If Victor’s company was valued on the basis of “pre-tax income before management bonuses”, the math would look drastically different, with the total company being valued at $3,750,000 [($500,000 + $250,000) × 5] or 50% more than the valuation implied by the stated formula.

A notional valuation would generally normalize the earnings of the company to adjust shareholders’ compensation to an ‘economic’ or ‘market’ rate of remuneration commensurate with their roles in the company. The simplicity of Victor’s shareholders’ agreement fails to capture this nuance.

Rigid valuation formulas based on an “earnings” metric can also potentially be problematic if “earnings” in a given year are heavily impacted by a one-time or non-recurring revenue expense item. Suppose that, for example, Victor’s company suffered a $100,000 non-recurring inventory loss last year, reducing last year’s earnings to $400,000. This would effectively reduce the amount assigned to Victor’s shares by almost 7% (or $50,000), even though this non-recurring item may have limited predictive value with respect to his company’s future earnings.

Problem #4: Inflexibility

The effects of COVID have pulled back the curtain to further reveal how valuation formulas may be too inflexible to capture economic reality. In theory, a company’s value should be based on prospective future cash flows and not simply based on historical results.
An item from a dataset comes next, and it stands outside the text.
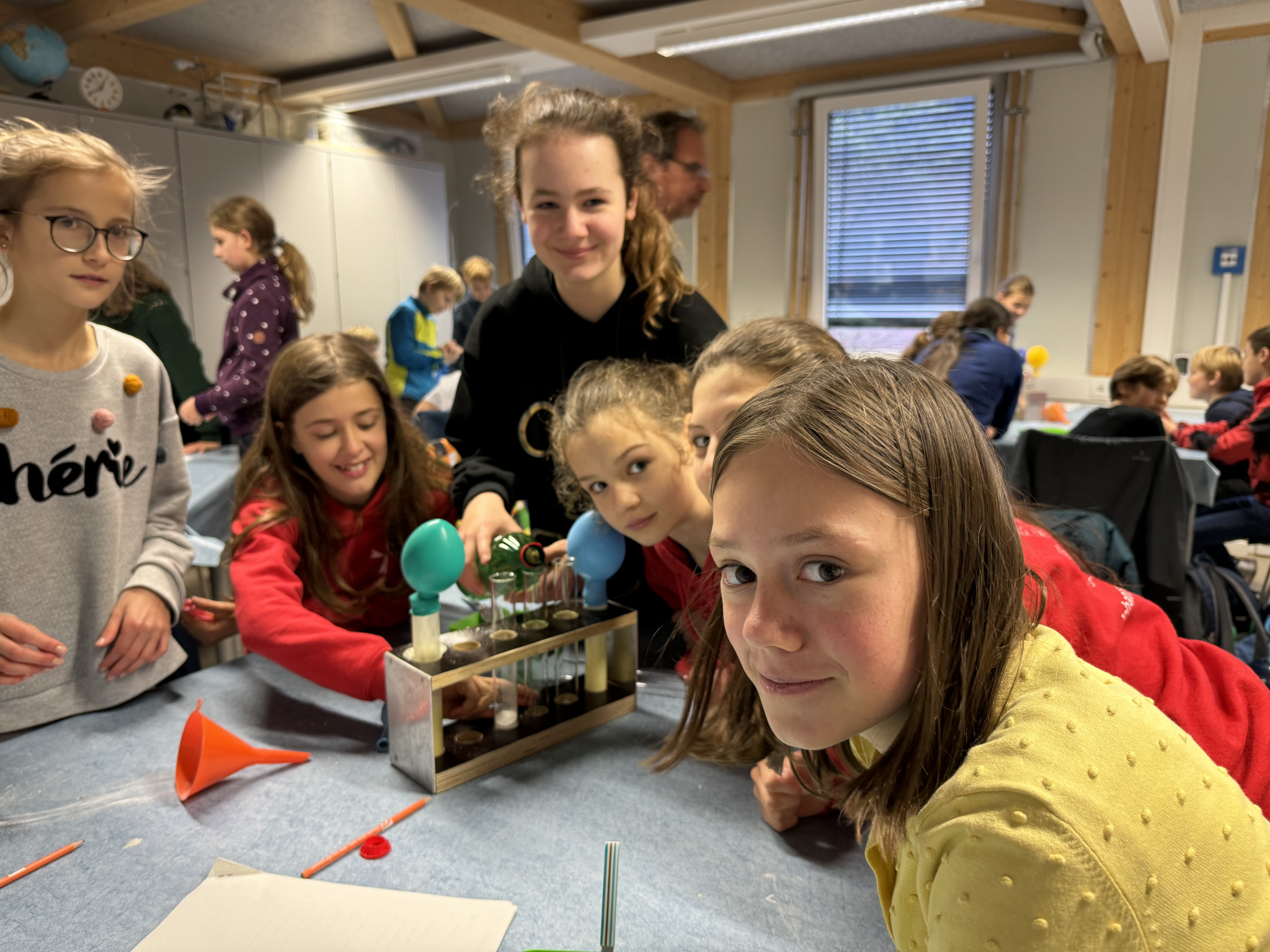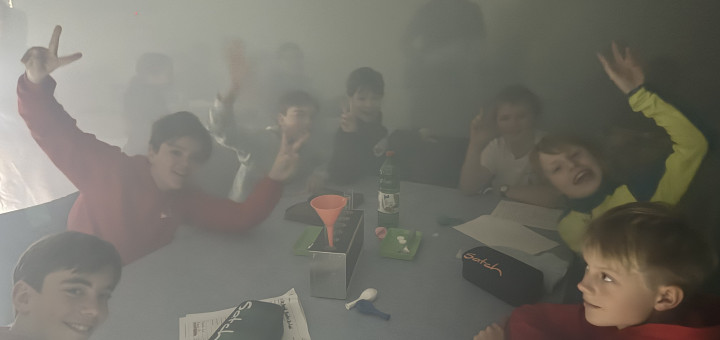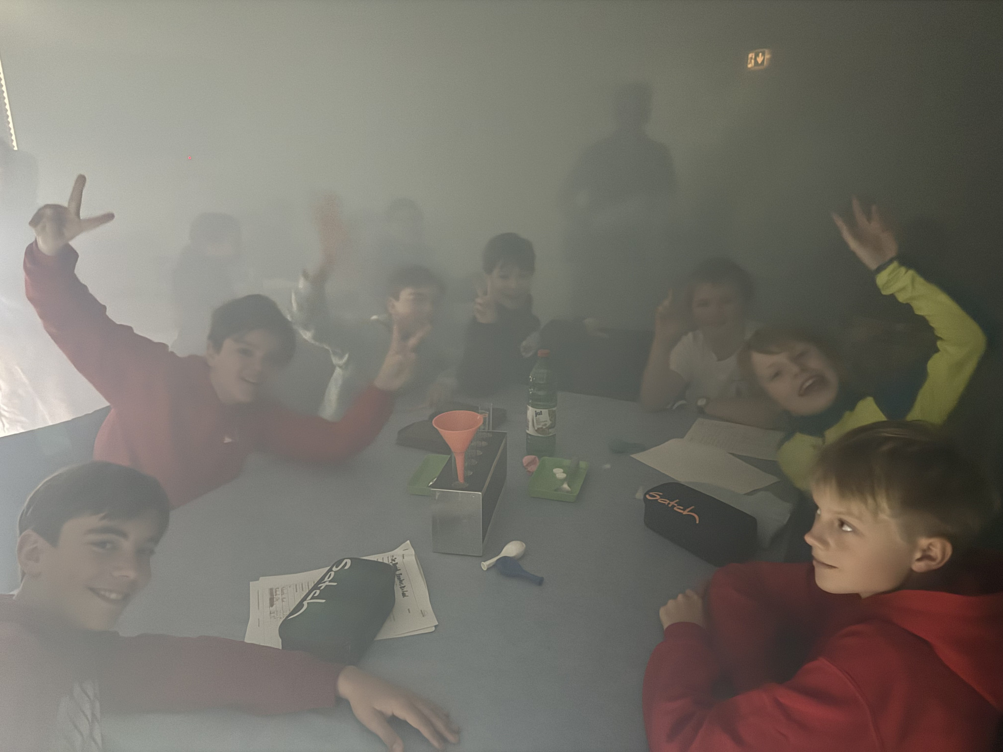 Wir riefen bei der Feuerwehr-Leitstelle an, um darüber zu informieren, dass wir ein Rauchexperiment starten wollen. Darauf wurde der ganze Raum in einen besonderen Dampf eingetaucht. Damit war die Luft sehr stickig. Es war fast so, als stünde man in einem Rauch, wenn es brennt, deshalb der Anruf. Dann lernten wir noch, welche Methode am besten funktioniert, um diesen Dampf loszuwerden, also im Normalfall die stickige Luft, und zwar mit Querlüften. Das letzte Experiment diente der Messung des Gewichts von CO². Wir erzeugten mit Brausepulver in Essig durch eine chemische Reaktion CO² und füllten es in einen Luftballon. Einen weiteren Ballon füllten wir mit Luft. Wir ließen beide von gleicher Höhe fallen und stellten fest, dass der CO²-Ballon schneller als der luftgefüllte Ballon zu Boden fiel. Das heißt, CO² ist schwerer als Luft. Deshalb ist die Luft am Boden schlechter als an der Decke. Nach diesen tollen Spektakeln gingen wir wieder zurück zur Schule.

In April, Statistics Canada reported that more than half of Canadian companies saw their revenues and earnings drop during COVID. Specifically, more than one-third of companies surveyed saw revenues drop by more than 40%.
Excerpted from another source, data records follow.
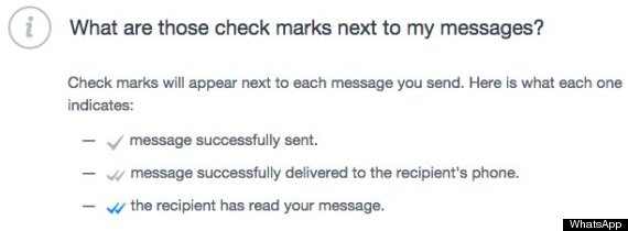 برنامج واتس آب يضع علامة صح “√” رمادية عندما يتم ارسال رسالتك ويضع علامتين “√√” عندما يتم استقبال الرسالة بنجاح علي التليفون الذي ترسل له الرسالة وهذا لا يعني أن متلقي الرسالة قد قام بقرائتها أم لا بل يعني فقط أن الرسالة قد تم استقبالها. الآن سوف تتحول العلامتين “√√” الي اللون الأزرق عندما تفتح الرسالة ويتم قرائتها. بدأ استخدام هذا التغير من أوائل سبتمبر الماضي.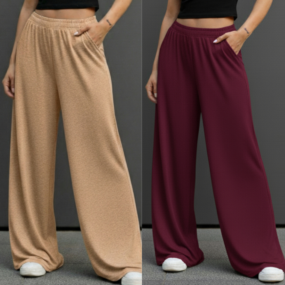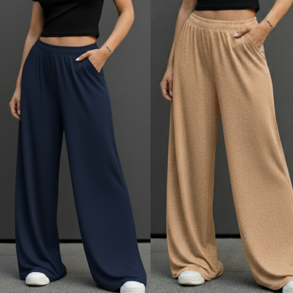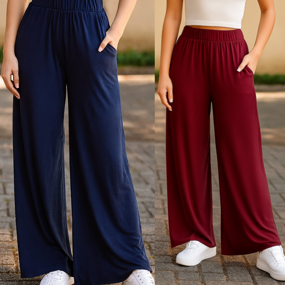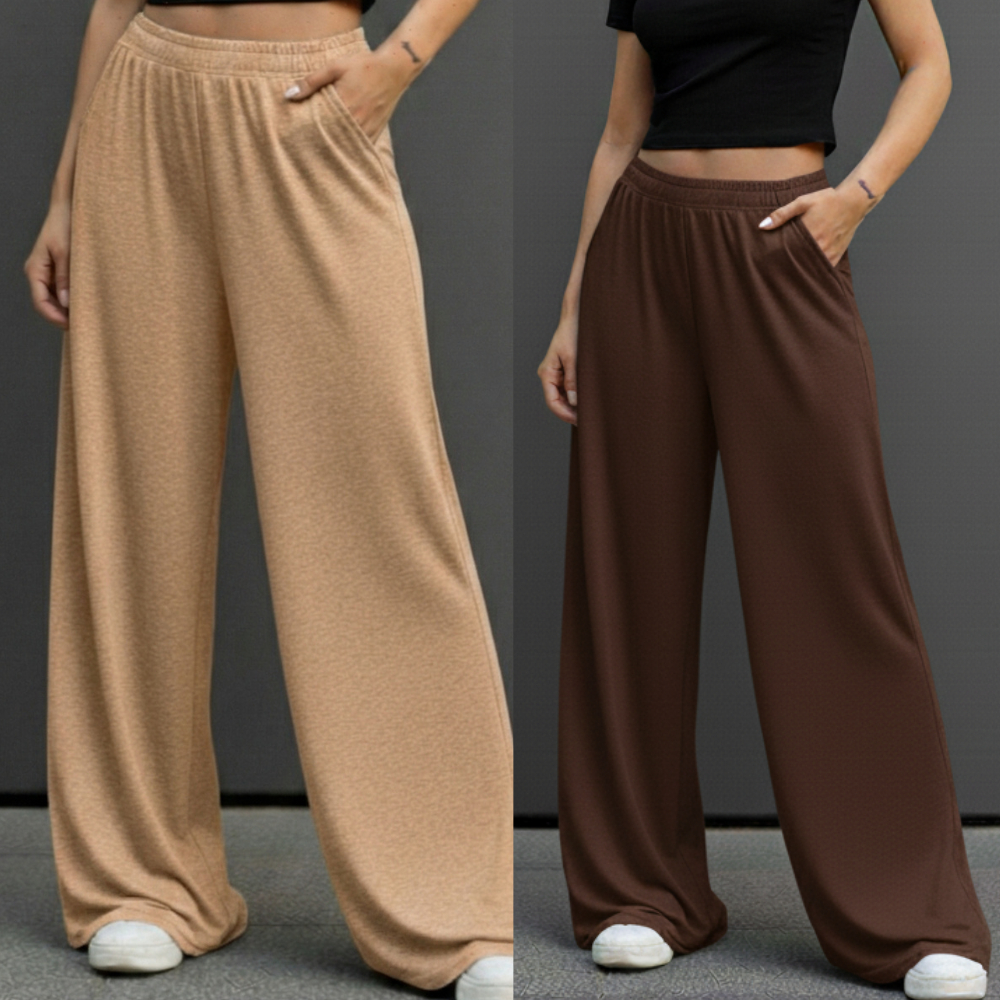 Kit com 2 Calça Pantalona Estilosa com Bolsos Grandes Calça Feminina Estilo de Alfaiataria no tecido Viscolycra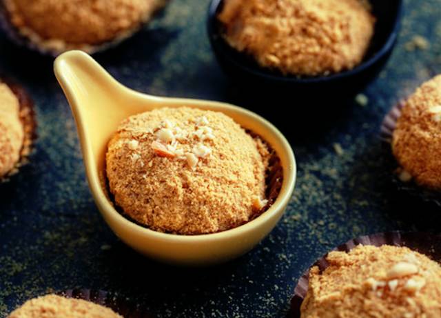 将红糖,黄豆粉,椰蓉,花生碎混合成配料备用,也可按照自己口味选择四种配料混合。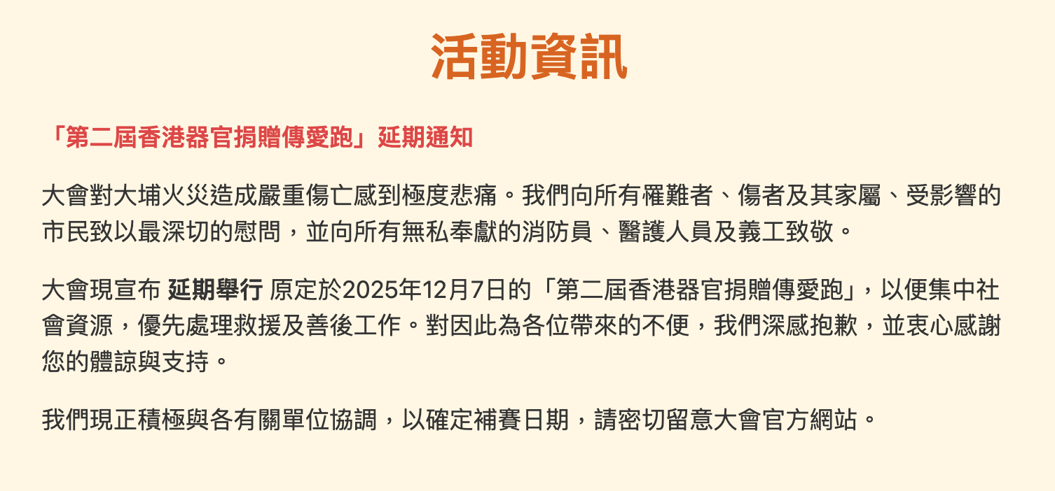 因應大埔宏福苑火災,多項活動或賽事先後宣佈取消或延期。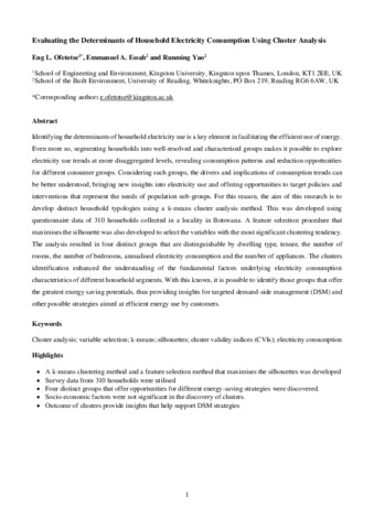 Evaluating the determinants of household electricity consumption using cluster analysis.
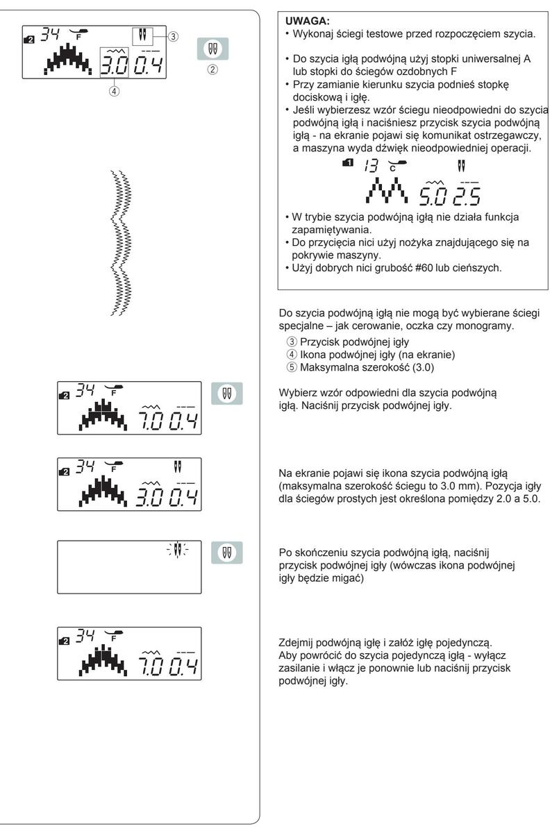 założoną pojedynczą igłę a nastepnie wciśnij jeszcze raz przycisk podwójnej igły. |

The mechanics of valuing a business during a pandemic is a different topic for a different day. But in some cases, a decline in revenues and earnings may be temporary, or perhaps mitigated in the long run. How this impacts the value of an individual business is ultimately dependent on factors that differ from firm to firm. If a valuation “formula” is based on a simple multiple of last year’s revenues, does a 40% decline in revenues translate into a 40% erosion in a company’s fair market value? Not necessarily.
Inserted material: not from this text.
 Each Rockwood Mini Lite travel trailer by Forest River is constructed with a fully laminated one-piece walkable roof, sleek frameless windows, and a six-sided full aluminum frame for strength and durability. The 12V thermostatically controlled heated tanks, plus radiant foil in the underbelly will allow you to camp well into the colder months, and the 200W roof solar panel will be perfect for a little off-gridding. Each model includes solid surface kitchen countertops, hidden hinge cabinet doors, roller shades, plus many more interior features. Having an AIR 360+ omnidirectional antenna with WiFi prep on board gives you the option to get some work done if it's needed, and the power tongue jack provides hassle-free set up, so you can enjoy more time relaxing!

If the value of a shareholder’s equity interest in a company is determined by a prescriptive formula based on ‘X%’ of historical revenue or ‘Y times’ historical earnings – at a specific point in time such as the COVID era where revenue or earnings may be abnormally deflated – this prescriptive formula has the potential to create an unfair result.

Conclusion

Valuation formulas in shareholders’ agreements should be approached with caution. Vague, ill-informed, or inflexible valuation formulas can end up increasing the temperature of shareholder disputes and can completely undermine the purpose for which they were originally designed.